Transfer Learning over Heterogeneous Agents with Restraining Bolts

In this page, we describe the experiments of the submission “Transfer Learning over Heterogeneous Agents with Restraining Bolts” at ICAPS 2020, submitted to the “Planning and Learning” track.

You can find the code to reproduce them at this link.

Experiment setup

To make easier the assessment of the quality of the learned policy, each experiment follows the structure below:

we fixed a restraining bolt [1] in LTLf/LDLf.
then, we play a simplified variant (Variant A) of the game recording its traces (projected on fluents only) and labeling the good or bad according to the satisfaction of the LTLf formula. In this way, we generate an “expert behavior” that can be used later for assessing the quality of the policy learned (see later).
then we learn the DFA from the traces. (Such a DFA typically is not the same as the LTLf formula but it is close enough).
next, the learner learns a policy in the more complex game (Variant B) using the learned DFA as the restraining bolt.
finally, to assess the policy learned we simulate its execution together with the original LTLf DFA checking when we reach its final states.

The actions in Variant A and Variant B are different. In particular, in Variant A, actions are stronger, making the game easier.

The traces that we consider are generated by playing an easier game (Variant A) wrt to the one that we then use for learning the policy (Variant B). In fact we use Variant A only to get the DFA constituting the restraining bolt that is then used to synthesize a behavior for Variant B.

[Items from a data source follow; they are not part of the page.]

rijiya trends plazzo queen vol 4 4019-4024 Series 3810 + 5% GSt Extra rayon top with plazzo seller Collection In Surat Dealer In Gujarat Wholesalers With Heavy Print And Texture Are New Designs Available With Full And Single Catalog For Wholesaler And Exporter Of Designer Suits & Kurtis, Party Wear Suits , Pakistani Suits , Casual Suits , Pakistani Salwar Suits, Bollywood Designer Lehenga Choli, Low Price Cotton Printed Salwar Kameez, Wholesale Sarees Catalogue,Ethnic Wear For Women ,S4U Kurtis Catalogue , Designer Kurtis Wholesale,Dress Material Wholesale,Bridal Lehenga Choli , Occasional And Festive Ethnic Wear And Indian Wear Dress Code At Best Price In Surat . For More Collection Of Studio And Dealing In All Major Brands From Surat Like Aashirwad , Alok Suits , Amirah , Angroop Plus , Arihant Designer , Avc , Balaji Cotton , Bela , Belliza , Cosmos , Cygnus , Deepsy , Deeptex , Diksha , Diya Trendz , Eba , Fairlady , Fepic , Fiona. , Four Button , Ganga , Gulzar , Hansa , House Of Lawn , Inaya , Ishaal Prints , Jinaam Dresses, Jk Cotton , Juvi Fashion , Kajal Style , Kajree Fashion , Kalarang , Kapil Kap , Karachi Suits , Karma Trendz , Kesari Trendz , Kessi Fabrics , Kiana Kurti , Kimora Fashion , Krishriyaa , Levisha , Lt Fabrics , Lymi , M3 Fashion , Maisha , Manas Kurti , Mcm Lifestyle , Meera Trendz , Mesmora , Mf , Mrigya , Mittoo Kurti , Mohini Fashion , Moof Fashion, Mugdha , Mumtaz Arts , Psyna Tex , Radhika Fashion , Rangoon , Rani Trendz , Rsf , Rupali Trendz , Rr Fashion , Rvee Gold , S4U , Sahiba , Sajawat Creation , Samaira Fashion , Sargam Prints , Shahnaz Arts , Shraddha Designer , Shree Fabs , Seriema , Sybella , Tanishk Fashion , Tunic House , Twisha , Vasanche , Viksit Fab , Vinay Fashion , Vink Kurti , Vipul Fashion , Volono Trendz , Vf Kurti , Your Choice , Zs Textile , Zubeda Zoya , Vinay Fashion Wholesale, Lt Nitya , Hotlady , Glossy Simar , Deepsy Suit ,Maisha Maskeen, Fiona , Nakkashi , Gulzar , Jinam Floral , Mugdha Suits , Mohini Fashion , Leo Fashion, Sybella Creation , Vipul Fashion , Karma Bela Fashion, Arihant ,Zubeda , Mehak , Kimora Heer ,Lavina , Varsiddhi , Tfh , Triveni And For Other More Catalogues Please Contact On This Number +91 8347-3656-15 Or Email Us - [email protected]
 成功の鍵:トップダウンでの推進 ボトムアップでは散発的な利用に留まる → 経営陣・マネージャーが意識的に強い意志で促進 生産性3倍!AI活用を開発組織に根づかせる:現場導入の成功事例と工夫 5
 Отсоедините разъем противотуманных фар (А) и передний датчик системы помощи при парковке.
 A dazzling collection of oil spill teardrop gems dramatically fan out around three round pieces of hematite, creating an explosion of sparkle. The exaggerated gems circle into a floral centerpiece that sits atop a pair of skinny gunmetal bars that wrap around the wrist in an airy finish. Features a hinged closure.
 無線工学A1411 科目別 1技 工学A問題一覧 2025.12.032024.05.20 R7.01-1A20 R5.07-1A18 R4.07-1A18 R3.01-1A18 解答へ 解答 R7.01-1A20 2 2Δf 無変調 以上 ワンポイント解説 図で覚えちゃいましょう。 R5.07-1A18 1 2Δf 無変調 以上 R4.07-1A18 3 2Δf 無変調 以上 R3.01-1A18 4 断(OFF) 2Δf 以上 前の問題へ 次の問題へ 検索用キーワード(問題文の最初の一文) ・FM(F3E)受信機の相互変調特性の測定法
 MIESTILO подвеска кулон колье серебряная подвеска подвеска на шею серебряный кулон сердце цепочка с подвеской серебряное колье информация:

Notice that there must be a relationship between the actions in the two variants for making the approach effective in practice, but such a relationship can be quite loose and can remain unexpressed.

Note also that actions are not used in the alphabet to progress the DFA and hence are not part of the reward given by the restraining bolt. This allows us to have different actions in the two variants.

We tested our approach in 3 different environments (the same used in [1]):

Breakout: an implementation of the popular Atari game in Pygame.
Sapientino: environment inspired by Sapientino, an educational game for children.
Minecraft: Minecraft-like environment implemented with Pygame

Breakout

Variant A

The variant A of the Breakout environment is defined as follows:

The state space $S = P_x$ is the set of all the possible $x$ positions of the paddle: $\{x_0, x_1, \dots, x_{width} \}$
The action space $A = \{ left, right, nop, fire \}$
The reward function $R(s, a, s’)$ is a positive number $r_b$ when a brick is removed, $0$ otherwise.

The environment is deterministic.

Variant B

The variant B of the Breakout environment is defined as follows:

The state space $S = P_x \times B_x \times B_y \times V_x \times V_y$
where:
- $P_x$ is the set of all the possible $x$ positions of the paddle;
- $B_x$ and $B_y$ are, respectively, the set of all the possible $x$ and $y$ ball positions;
- $V_x$ and $V_y$ are, respectively, the set of all the possible (discrete) $x$ speed and $y$ speed of the ball;
The action space $A = \{left, right, nop\}$
The reward function $R(s, a, s’)$ is defined as in variant A.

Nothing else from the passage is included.